Anyone plowed with steel OTT on pavement? I have seen a lot of chains and wonder if a guy was careful if the tracks would work better.


----------



## WIPensFan (Jan 31, 2009)

Don't even think about it! I have steel tracks for my 863 Bobcat. They scratch all concrete and asphalt in the blink of an eye. Plus tires would probably spin inside tracks real easy with snow and ice.


----------



## Kenkreger (Dec 17, 2001)

I find them helpful for off road winter operation like brushing snowmobile trails. However the tracks slip sideways much easier then tires chains do. Also most don't run real smooth at high speeds normally used when plowing. Overall I think your better off with studs or tire chains.
Ken


----------



## snocrete (Feb 28, 2009)

Kenkreger;895252 said:


> I find them helpful for off road winter operation like brushing snowmobile trails.
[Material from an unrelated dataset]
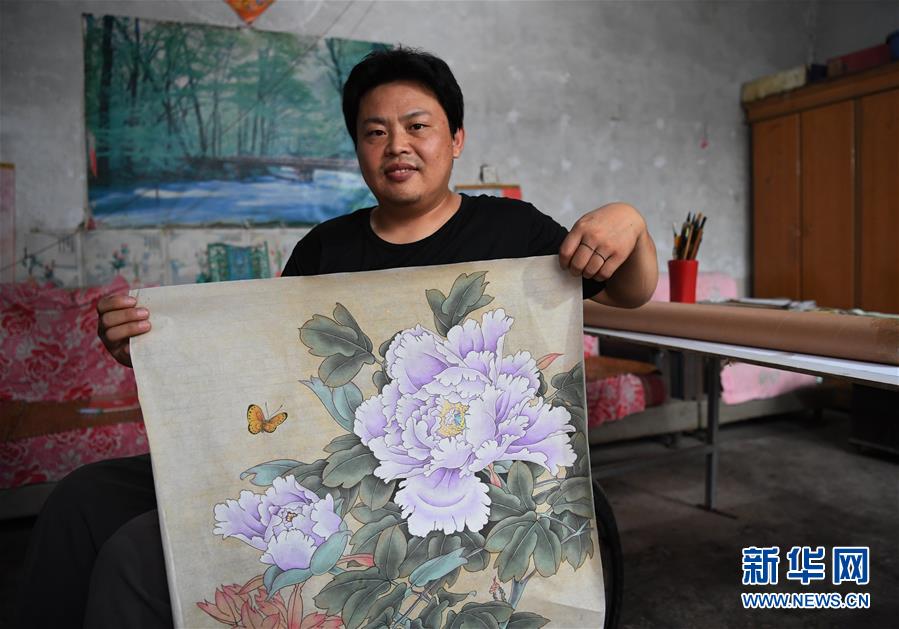7月22日,王红彬展示其创作的工笔画作品。新华社记者朱旭东摄

However the tracks slip sideways much easier then tires chains do. Also most don't run real smooth at high speeds normally used when plowing. Overall I think your better off with studs or tire chains.
> Ken


X's 2................I have tried it on pavement once and that was all it took. HORRIBLE traction, plus it will tear up the pavement.


----------



## Bajak (Nov 12, 2008)

I plowed our shop one time with a D3 and I can tell you I almost hit our dump truck because the lot was on a bit of a slope and I hit ice. Slides sideways like a [email protected][email protected]


----------



## vet934 (Dec 8, 2009)

so will a skid with chains out push a CTL? (and I mean apples to apples like JD 332 cs 332 CTL)


----------



## Kenkreger (Dec 17, 2001)

vet934;895966 said:


> so will a skid with chains out push a CTL? (and I mean apples to apples like JD 332 cs 332 CTL)


I'm pretty sure it will. Chains have some serious bite. Ctl's remind me of racing slicks in a snowstorm. Maybe with studs you'd be ok.
Ken


----------